** DATA EXTRACT follows **

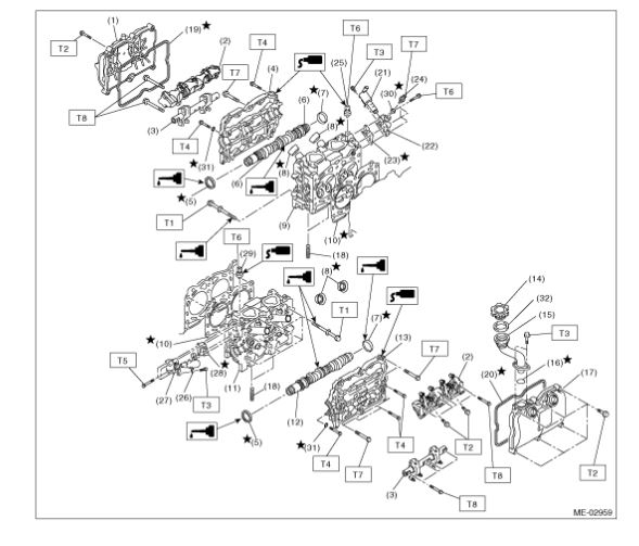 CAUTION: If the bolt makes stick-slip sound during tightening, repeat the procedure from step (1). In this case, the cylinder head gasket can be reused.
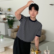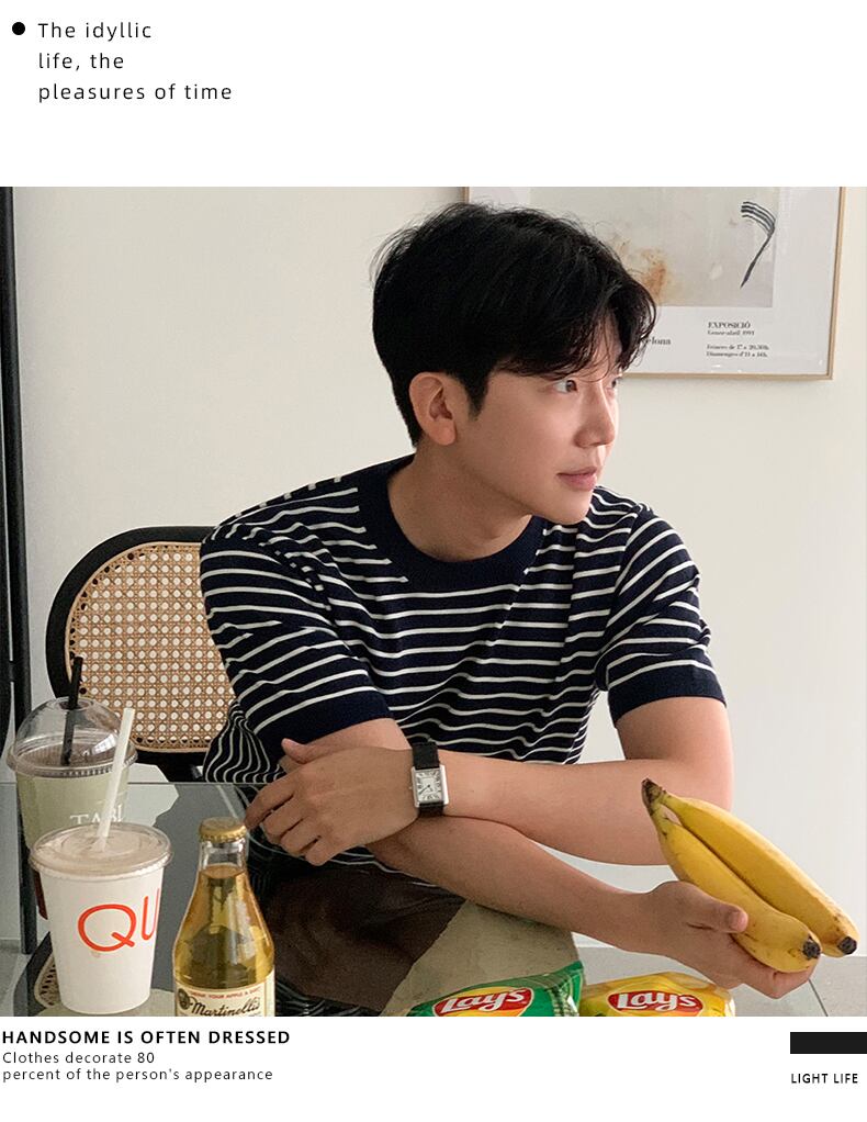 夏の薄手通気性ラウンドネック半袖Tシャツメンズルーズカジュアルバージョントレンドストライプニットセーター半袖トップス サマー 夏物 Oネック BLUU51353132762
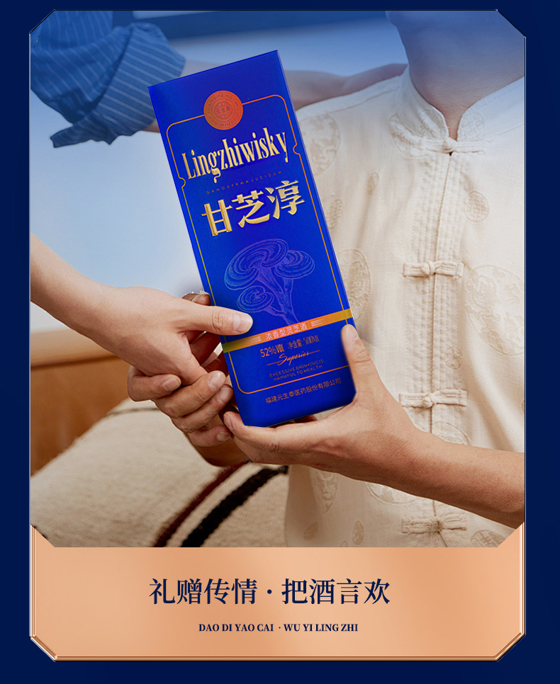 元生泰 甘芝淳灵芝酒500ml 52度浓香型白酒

** End of DATA EXTRACT **

ACTIVITY. Print the data exactly as written, dropping any images it holds.

WORKED SOLUTION.
 CAUTION: If the bolt makes stick-slip sound during tightening, repeat the procedure from step (1). In this case, the cylinder head gasket can be reused.
 夏の薄手通気性ラウンドネック半袖Tシャツメンズルーズカジュアルバージョントレンドストライプニットセーター半袖トップス サマー 夏物 Oネック BLUU51353132762
 元生泰 甘芝淳灵芝酒500ml 52度浓香型白酒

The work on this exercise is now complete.